Эту метаморфозу Димка наблюдал уже не один раз, но все равно никак не мог привыкнуть к ней. Словно злая колдовская воля подавляла и гасила в отце что-то, отбирала его силы, обесцвечивала взгляд. Папа уже не мог сидеть прямо, его пошатывало даже в кресле, заваливая то на бок, то вперед. Он становился все более беспомощным, его руки бессильно свисали с подлокотников кресла, а взгляд бессмысленно блуждал по комнате, ни за что не цепляясь.
Передачу дальше смотреть было неинтересно, Димка хотел уже поискать на других каналах мультики и даже привстал, чтобы подойти к телевизору. В этот момент папина рука разжалась, и бутылка с громким стуком упала на пол, Димка вздрогнул от этого резкого звука. Отец проводил отсутствующим взглядом неспешно покатившуюся бутылку, не выражая при этом никаких эмоций, словно это все его не касалось, а происходило где-то в телевизоре у морских животных Крайнего Севера. Отец подался вперед, опершись локтями на свои колени, отчего его поза стала еще более неустойчивой. Бессмысленный, блуждающий взгляд остановился на мальчугане.
Димка уже видел этот взгляд. Пустой и ничего не выражающий, как у куклы. Словно папы и нет вовсе, а вместо него непонятное существо сидит сейчас в кресле, покачиваясь, как пугало на ветру. Но самое страшное было то, что его взгляд не был совсем уж безжизненным. Нет! Там, за этой пустотой, все же было что-то! Или даже кто-то. Из глубины папиных глаз, как будто сквозь мутные линзы, за Димкой затаенно и злобно следил кто-то посторонний, чужой и торжествующий!
— Папа… — робко позвал Димка, — папа, ты меня слышишь?
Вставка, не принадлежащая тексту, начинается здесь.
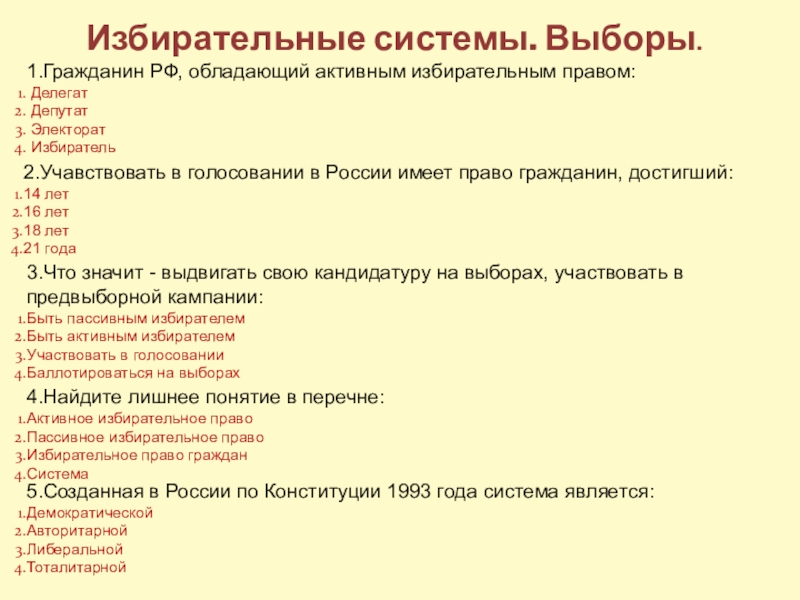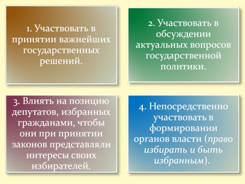 1. Какие права призваны обеспечить активное участие граждан в жизни страны: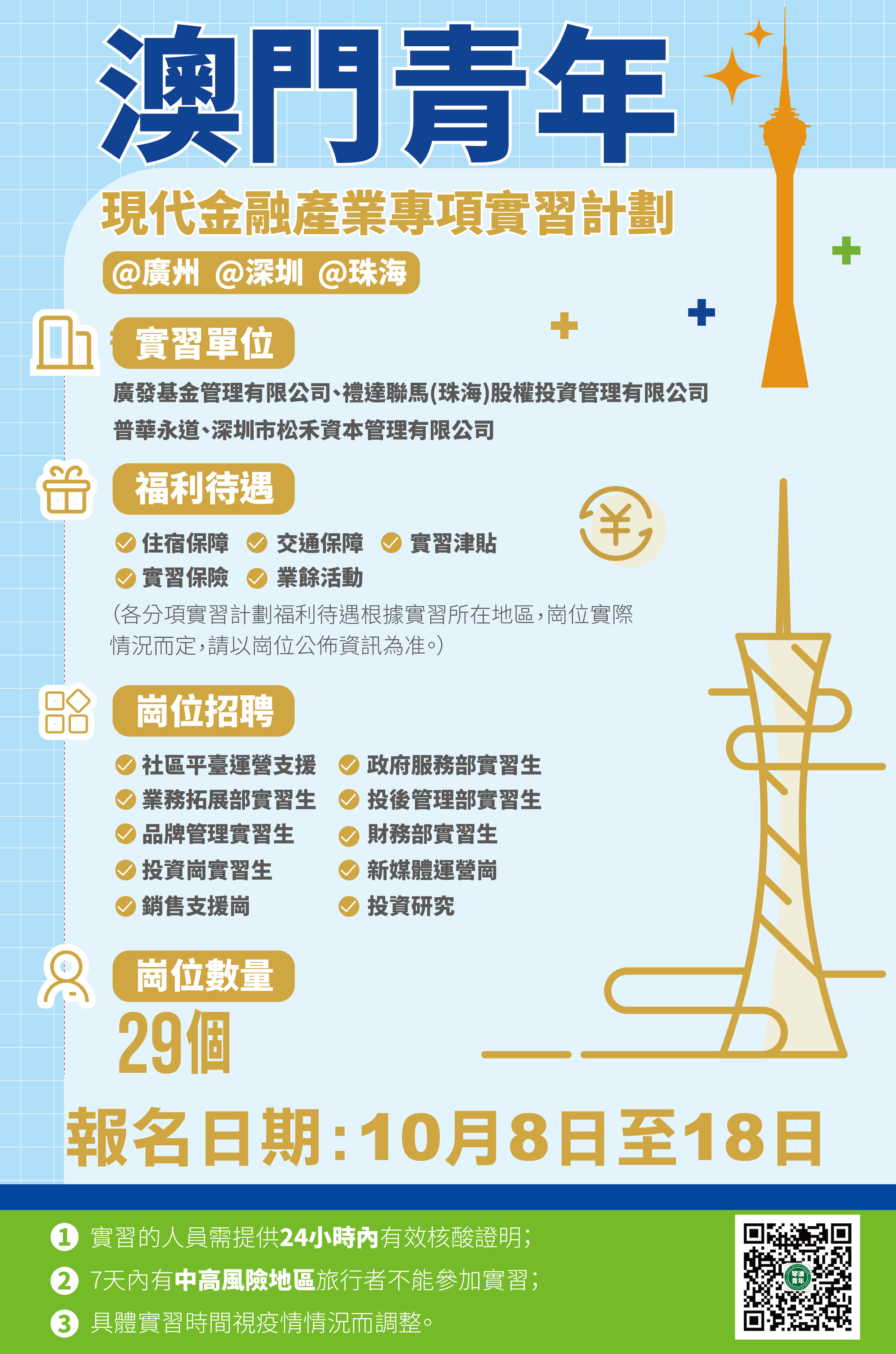 為讓澳門青年了解內地現代金融產業,培養更多具備專業金融產業職業技能人才,勞工事務局與橫琴粵澳深度合作區民生事務局(下稱“橫琴民生局”)及橫琴粵澳深度合作區金融發展局合作推出「澳門青年現代金融產業專項實習計劃」,合共提供29個實習崗位,由即日起至10月18日接受申請。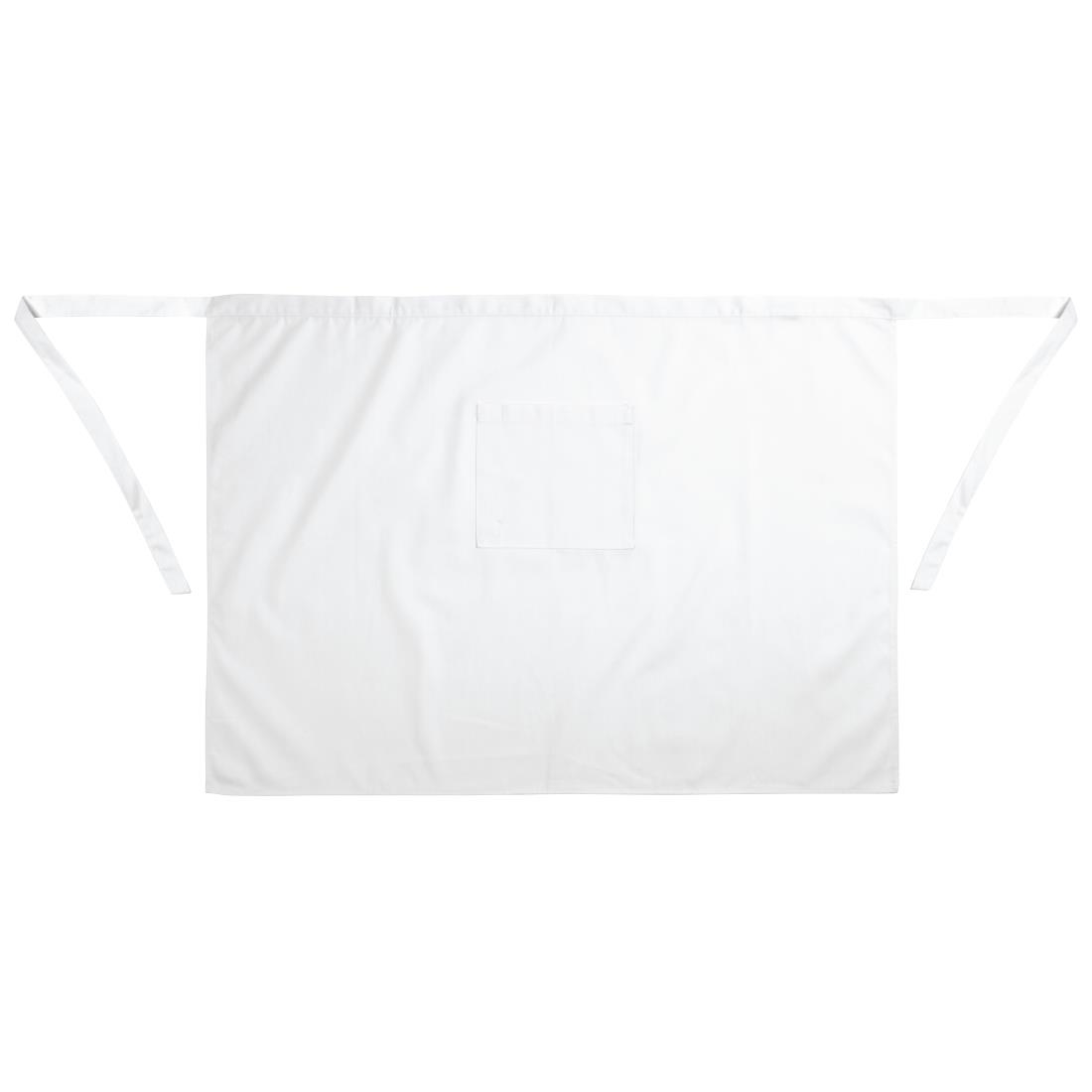 Durable and stylish high quality polycotton regular bistro waist apron in white, perfect for waiters and waitresses, featuring a user friendly patch pocket on the front.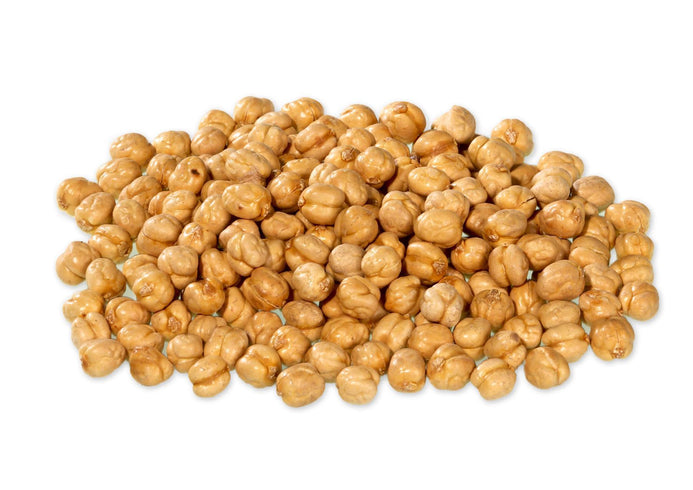 Chickpeas, also known as garbanzo beans, are a lovable legume with a mild nut-like taste and a great deal of culinary versatility. Traditionally loved by vegetarians for their protein potency, chickpeas are also a great source of fiber. Our chickpeas are of superb quality and are expertly roasted for supreme snack-ability. Toss some roasted chickpeas into your favorite snack mix or salad.
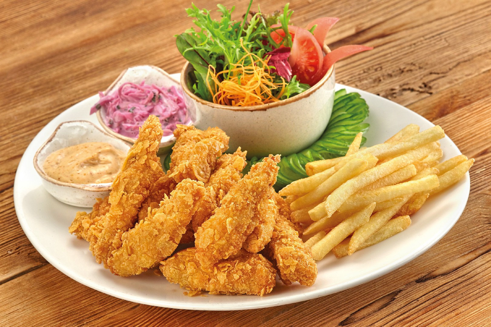 (Taze baharatlar ile marine edilmiş panko paneli çıtır tavuk parçaları, kızarmış patates, coleslaw ve baharatlı mayonez sos ile)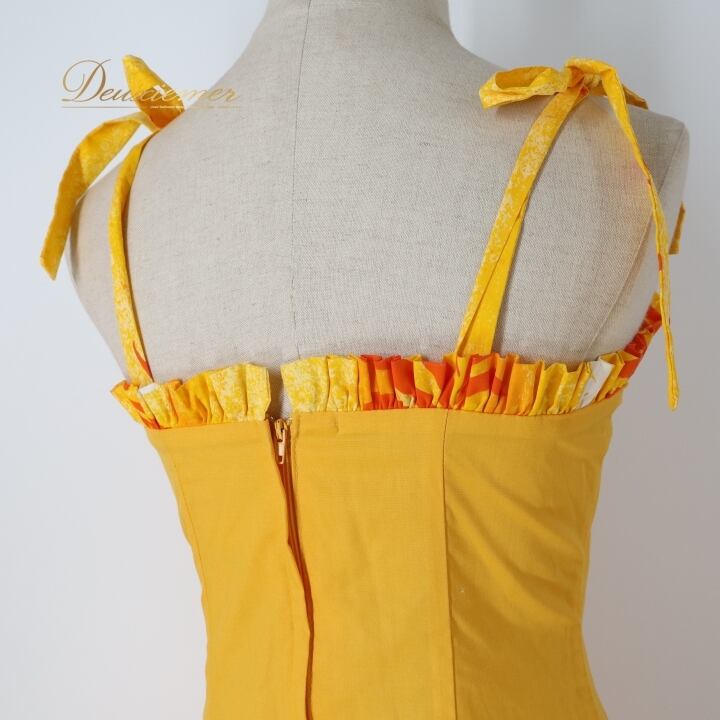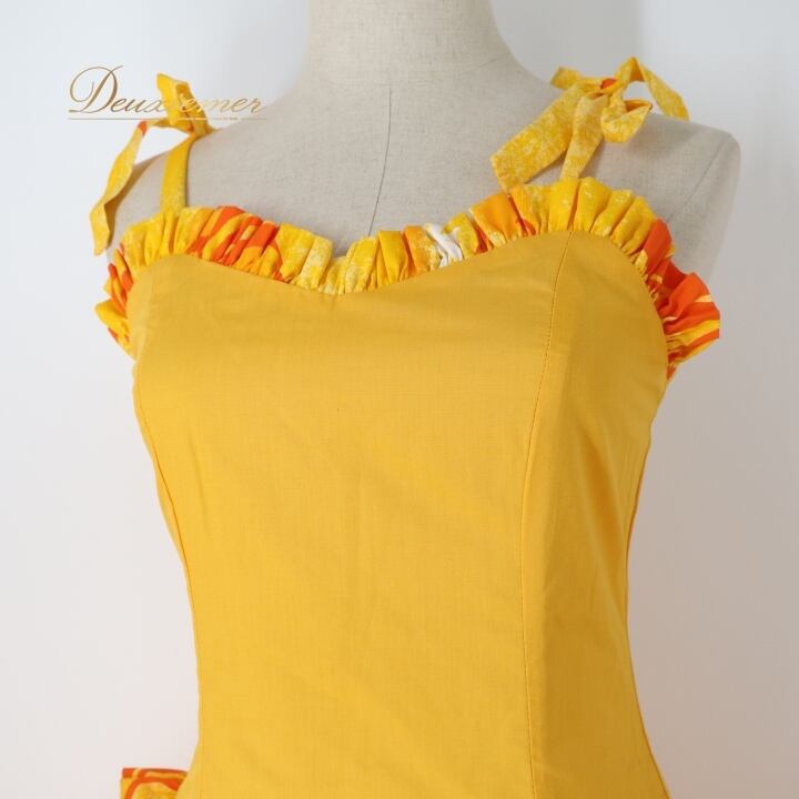 フラダンス 衣装 ワンピース ドレス イエロー系 トーチジンジャー ハワイ製 ティアレ柄 ハワイアンプリント TorchGinger アロハ フラ ダンス レッスン 練習 フリル キャミソール リボン 華やか 鮮やか かわいい おしゃれ オレンジ系 ホワイト系 黄 橙 白 フラ ダンス衣装 ハワイアン ドレッシー レッスン着 レディース

Но папа молчал и продолжал, не мигая, смотреть на Димку.
— Папа…
«Он мой!» — прозвучал в полумраке комнаты негромкий, но отчетливо слышный голос.
Димка похолодел и почувствовал, как зашевелились волосы на затылке! Это сказал точно не папа, его губы совсем не шевелились. Димка оглянулся на телевизор, там начался какой-то фильм, на экране беседовали двое пожилых мужчин во фраках.
«Это в кино, это все телевизор», — успокаивал себя Димка, не замечая, что его бьет мелкой дрожью.
Настороженный, словно зверек, готовый убежать в любое мгновение, Димка напряженно всматривался в глаза отца, стараясь понять, что же такое он увидел. И не мог разглядеть и осознать. В какой-то момент Димка испытал внезапно нахлынувшее чувство жалости к папе, тот сидел такой беспомощный и не способный что-либо изменить. Как будто кто-то хитрый и безжалостный навсегда завладел им и держал в своей власти. Он ведь хороший на самом деле, и очень добрый, и сильный, и знает так много смешных историй. Димке стало ужасно жалко себя тоже. Он остро ощутил, что совсем один в квартире, потому что мама далеко, ее здесь нет, и папы, похоже, тоже… А на его месте сидит кто-то другой, и это совсем не то, что должно быть на самом деле… В уголках глаз предательски защипало, и по щеке покатилась слеза.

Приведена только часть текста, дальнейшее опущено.